Just use a set of cheap luggage scales, those ones with a hook on em. Fix them up to the end of the lever, pull down until you see around 30lbs...I guarantee you will be surprised....very surprised....I know I was.


----------



## Vieux Clou (Oct 22, 2014)

Good idea. I'll give it a go tomorrow.


----------



## Vieux Clou (Oct 22, 2014)

OK then. I was running at about 19 kg with ~14g in the basket and a firm tamp. Reduced to 12g & a light tamp and I'm running at ~12 kg. The extraction was frankly better at 19/14 but I'll fiddle about a bit yet with the tamp. Not changing the grind 'cos it's fine for the Lelit.

Trying to pull the 19 kg shot with the luggage scale on the lever is kinda contortionate. Damn thing slips. In the end I unscrewed the handle a bit and padded the scale hook with bike inner tube to protect the thread. That worked.
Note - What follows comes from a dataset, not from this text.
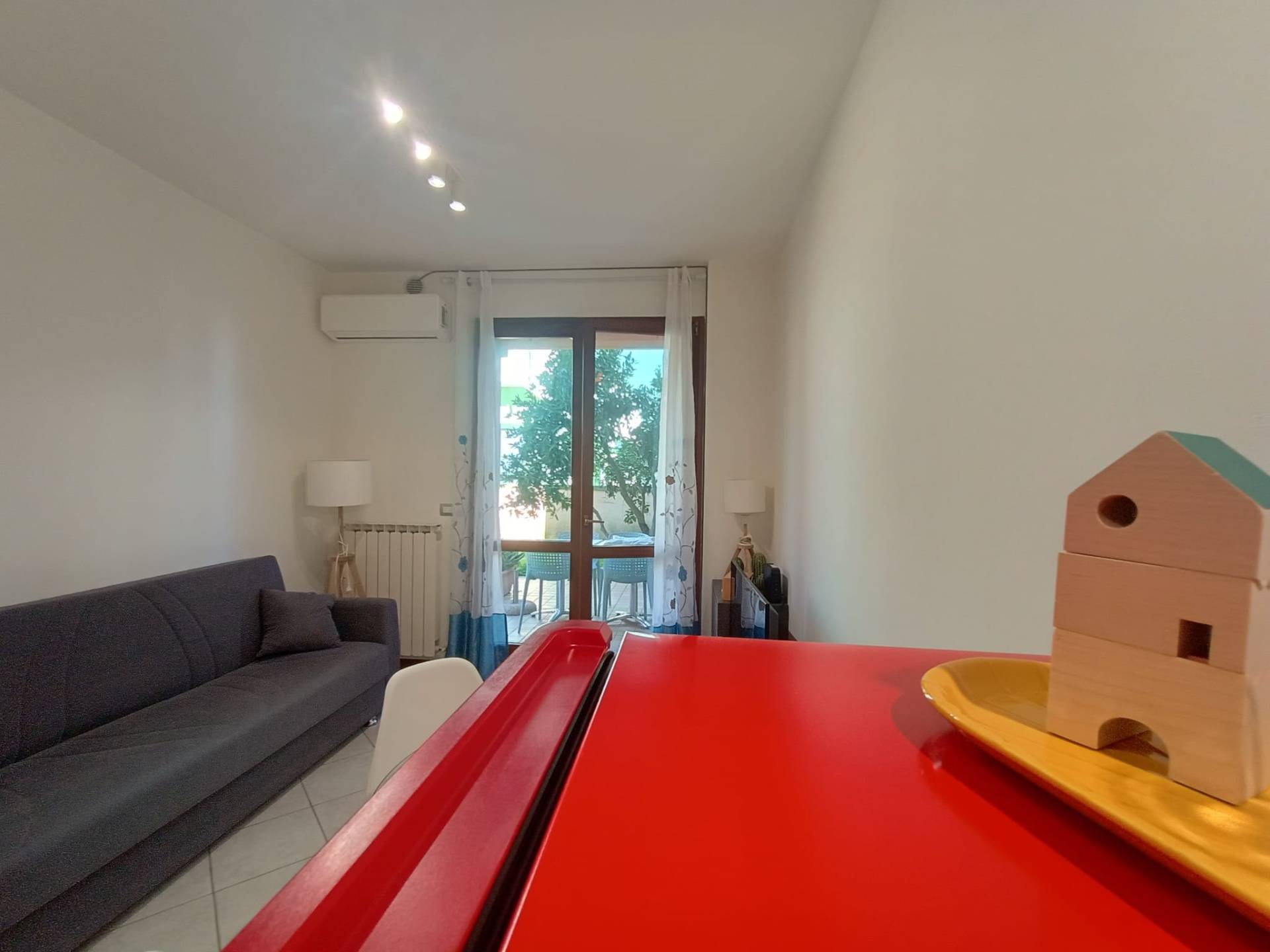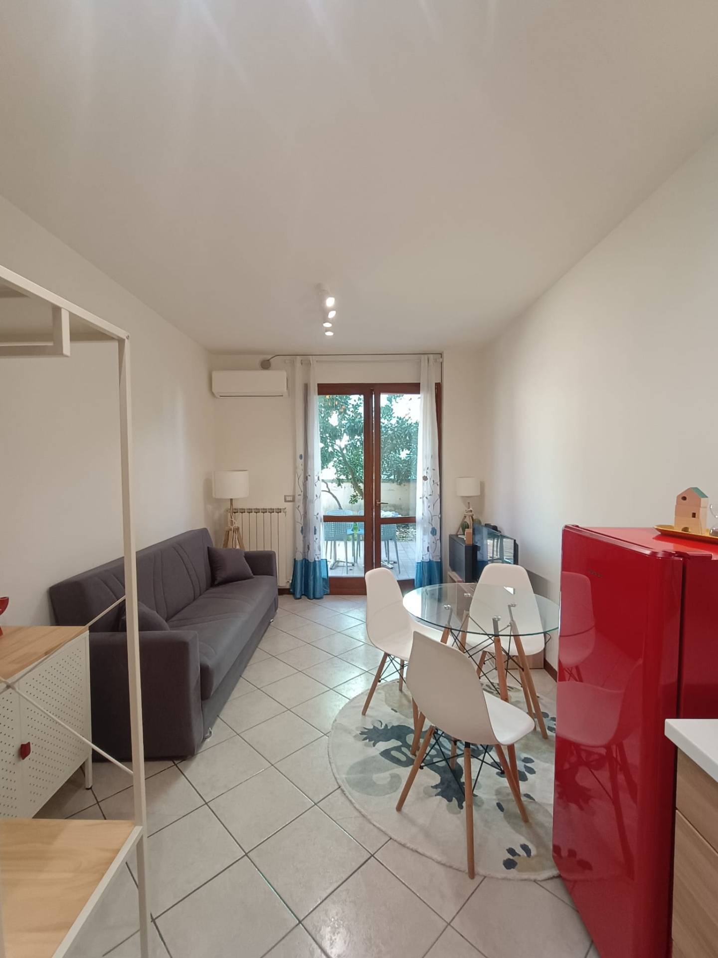 Si propone grazioso e luminoso bilocale a 100 MT dalla spiaggia Lido e centro citt, completamente arredato stile moderno, con splendido porticato arredato e dotato di barbecue, giardino esclusivo.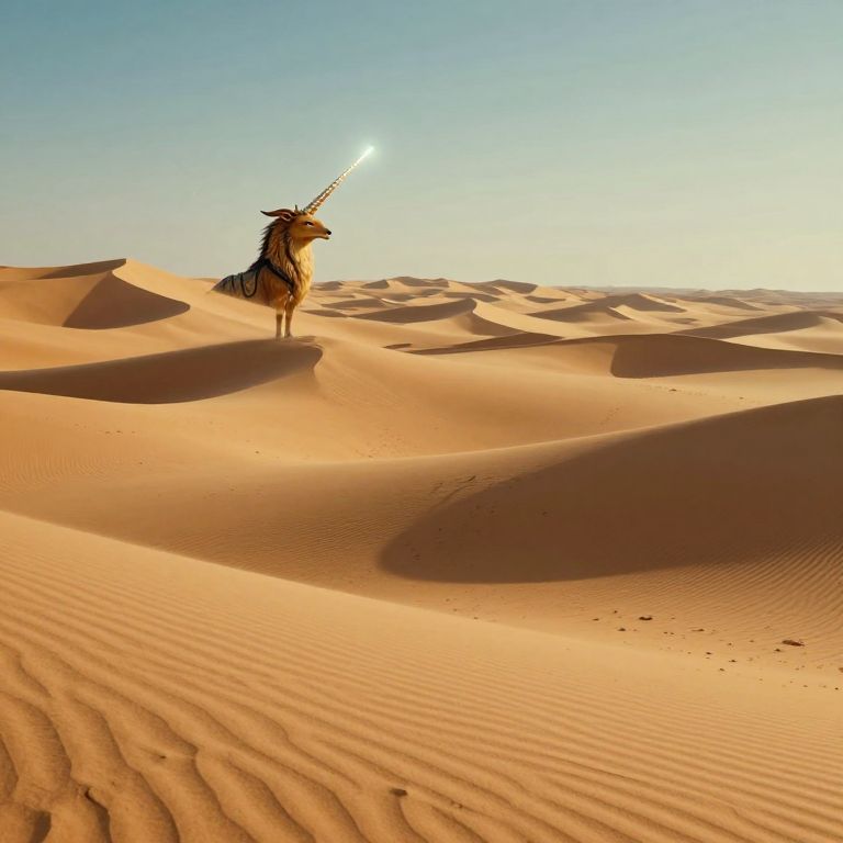 Craft an image in the surrealistic manner of Dali-esque dreamscapes, depicting a whimsical desert panorama where colossal sand hills transform into sinuous waves, mirroring a seascape. In this enchanted realm, a regal mythical creature arises from the dunes' embrace, its shimmering horn reflecting sunlight like a beacon. This vision should instill awe and spellbinding allure while subtly alluding to enigmatic time's progression within this phantasmagoric world.

However (muppetry medal, second class, claim submission): I usually brace the machine with one hand on the filler knob. During one pull I lifted this hand to try & squint at the scale and the whole shebang went arse over tip back across the counter. Coffee everywhere, machine in its face with base against the wall. Wiped up counter, set machine up straight, then (muppetry medal plus bar) unhooked the PF before the pressure had all leaked away.

Even the bloody parrot was laughing.

Machine's fine: EPs are solid.


----------



## lespresso (Aug 29, 2008)

As a suggestion for the la pavonis and other small levers, one hand on the lever pulling down, the other hand on the handle of the portafilter pulling up, as you would if you were operating shears

This balances the downward force, and in doing so takes all the stress off the machine

As a result the machine is a lot safer to operate as you reduce the chance of it flicking out from under you

Reiss


----------



## DavecUK (Aug 6, 2013)

Vieux Clou said:


> OK then. I was running at about 19 kg with ~14g in the basket and a firm tamp. Reduced to 12g & a light tamp and I'm running at ~12 kg. The extraction was frankly better at 19/14 but I'll fiddle about a bit yet with the tamp. Not changing the grind 'cos it's fine for the Lelit.


Well I'm glad you tried the experiment and have the "memory" of the pull force. Unfortunately you can't simply put less in and tamp lighter, that's not really how it works. You need to be keeping everything you do the same as before, but varying the grind. I can't emphasis how important grind is for these machines. They are also very unforgiving of cheap grinders another mistake many owners make. In fact it's almost a certainty that if the grind is right for a pumped machine with a 58 or 57 mm portafilter, it wouldn't be right for a Pavoni.


----------



## Rhys (Dec 21, 2014)

I noticed when I swapped over from the Classic, I had to grind finer for the Pavoni. My usual dose is 15g, but just lately I've been using 14g instead (this has suited the LSOL so trying it with others). I know my grinder is more than capable with regards to the Pavoni so that's not an issue. If you start pulling with 19kg, it's not going to be a constant 19kg is it? It'll drop throughout the pull. It shouldn't be that hard though I agree, trouble is if you grind courser and it pull better, it might taste crap which is going backwards. I did one last night like this, and it was ok with milk but I've had better grinding finer. I do worry that I am putting more stress on the machine though. Will have to persevere.


----------



## Vieux Clou (Oct 22, 2014)

@DavecUK: Right... I need to get some of those wee self-adhesive discs to mark the Lelit grind and the La Pav grind, then.

@Reiss: sounds like sense, thanks.


----------